### [Material to process]

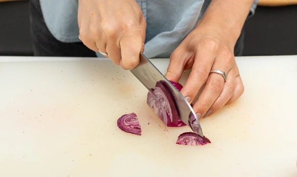 Лук почистите и нарежьте тонкими кольцами, а их затем — четвертинками.
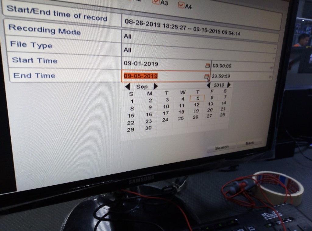 Mostrará la ventana de búsqueda donde nos mostrará las fechas del día grabados.
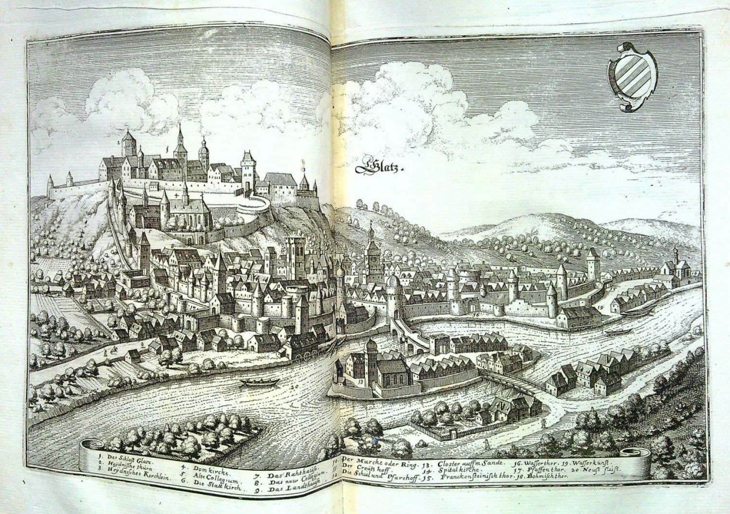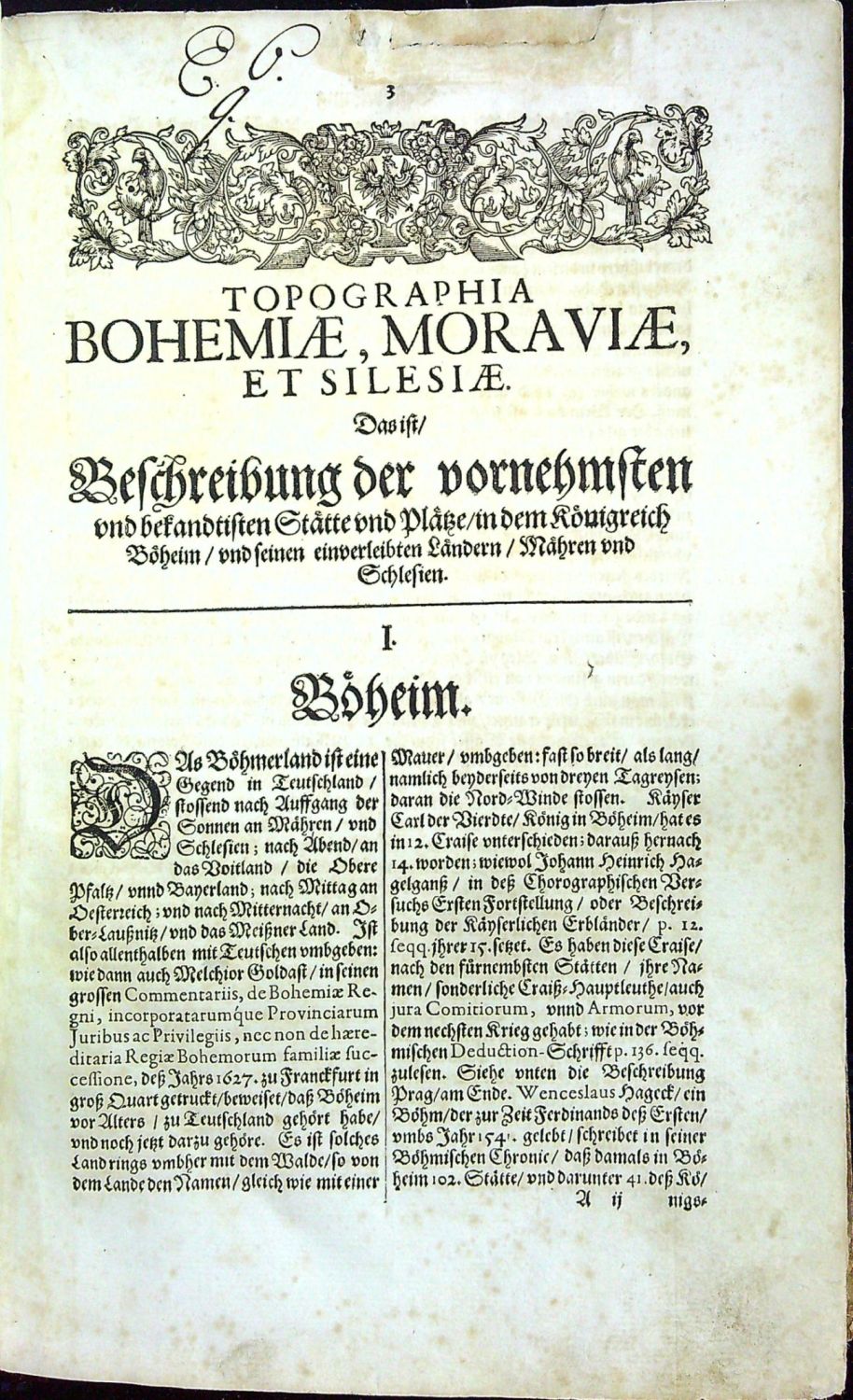 Basilejský a později frankfurtský editor Matouš Merian (1593-1650) vybudoval prosperující nakladatelský dům, který zanikl až roku 1727. V letech 1642-1688 vydával on i jeho následovníci rozměrné jednadvaceti svazkové dílo "Theatrum Europaeum", jehož součástí se stal též svazek věnovaný Čechám, Moravě a Slezsku. Krátký historický text ke každé lokalitě napsal Martin Zeiller (1589-1661), vychovatel v německých šlechtických rodinách.
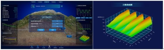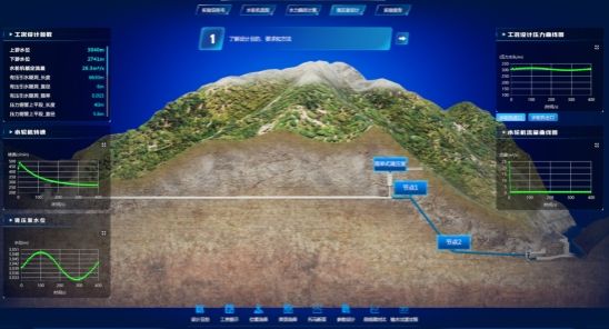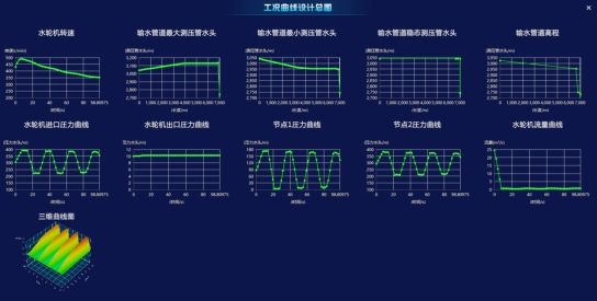 ④压力管道三维可视化与动态曲线相结合。支持导叶关闭时间、糙率等参数调节;以红-黄-绿-蓝渐变色谱实时显示水击压力空间分布;同步输出关键断面压力时程曲线,便于与理论结果对比验证。
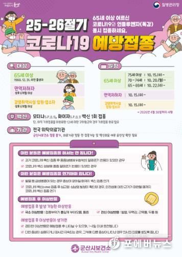 [ 포에버뉴스 이승훈 기자 ] 군산시가 오는 10월 15일부터 인플루엔자와 코로나19 예방접종을 실시한다.
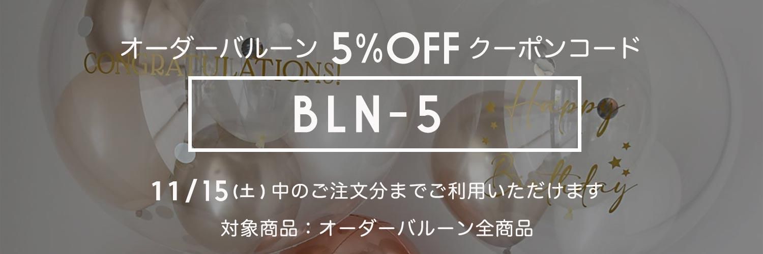 月に1度のオーダーバルーン クーポンコード BLN-5 を
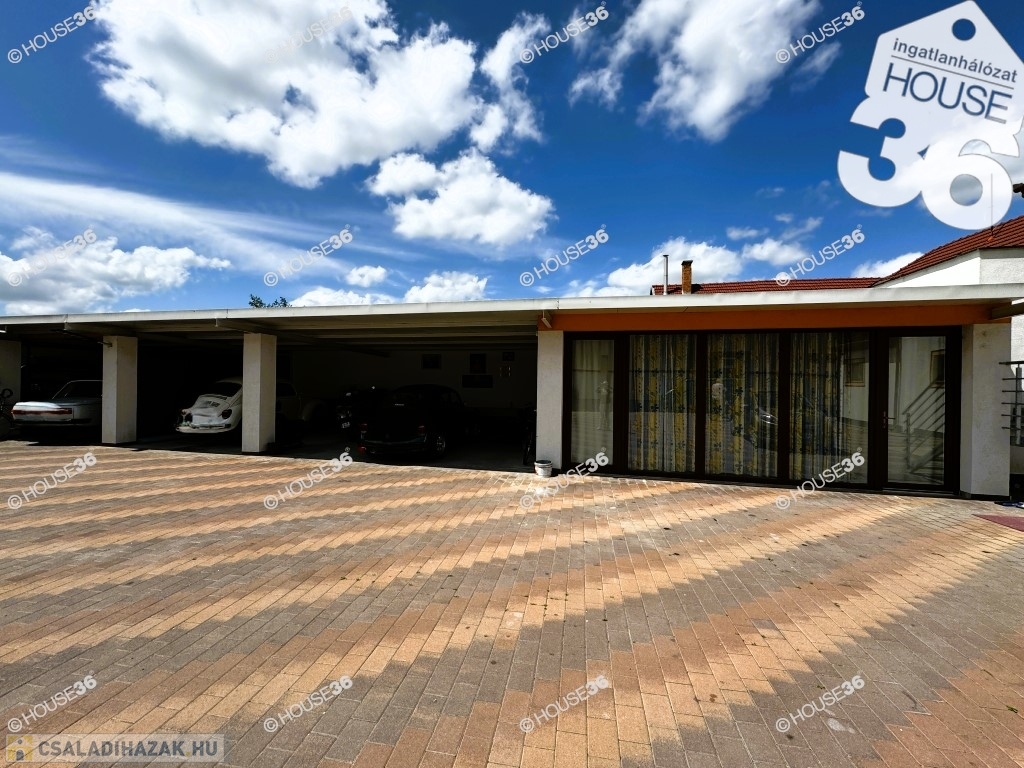 Kapu és parkolás: kovácsoltvas elektromos kapu biztosítja a biztonságot és a kényelmet, a térkövezett belső parkolóban pedig 4 állásos fedett gépkocsibeálló található. Az épület előtt 5 állásos parkoló lett kialakítva.

### [What is being asked]
Reproduce the listing verbatim, and keep the pictures out of the copy.

### [Output]
 Лук почистите и нарежьте тонкими кольцами, а их затем — четвертинками.
 Mostrará la ventana de búsqueda donde nos mostrará las fechas del día grabados.
 Basilejský a později frankfurtský editor Matouš Merian (1593-1650) vybudoval prosperující nakladatelský dům, který zanikl až roku 1727. V letech 1642-1688 vydával on i jeho následovníci rozměrné jednadvaceti svazkové dílo "Theatrum Europaeum", jehož součástí se stal též svazek věnovaný Čechám, Moravě a Slezsku. Krátký historický text ke každé lokalitě napsal Martin Zeiller (1589-1661), vychovatel v německých šlechtických rodinách.
 ④压力管道三维可视化与动态曲线相结合。支持导叶关闭时间、糙率等参数调节;以红-黄-绿-蓝渐变色谱实时显示水击压力空间分布;同步输出关键断面压力时程曲线,便于与理论结果对比验证。
 [ 포에버뉴스 이승훈 기자 ] 군산시가 오는 10월 15일부터 인플루엔자와 코로나19 예방접종을 실시한다.
 月に1度のオーダーバルーン クーポンコード BLN-5 を
 Kapu és parkolás: kovácsoltvas elektromos kapu biztosítja a biztonságot és a kényelmet, a térkövezett belső parkolóban pedig 4 állásos fedett gépkocsibeálló található. Az épület előtt 5 állásos parkoló lett kialakítva.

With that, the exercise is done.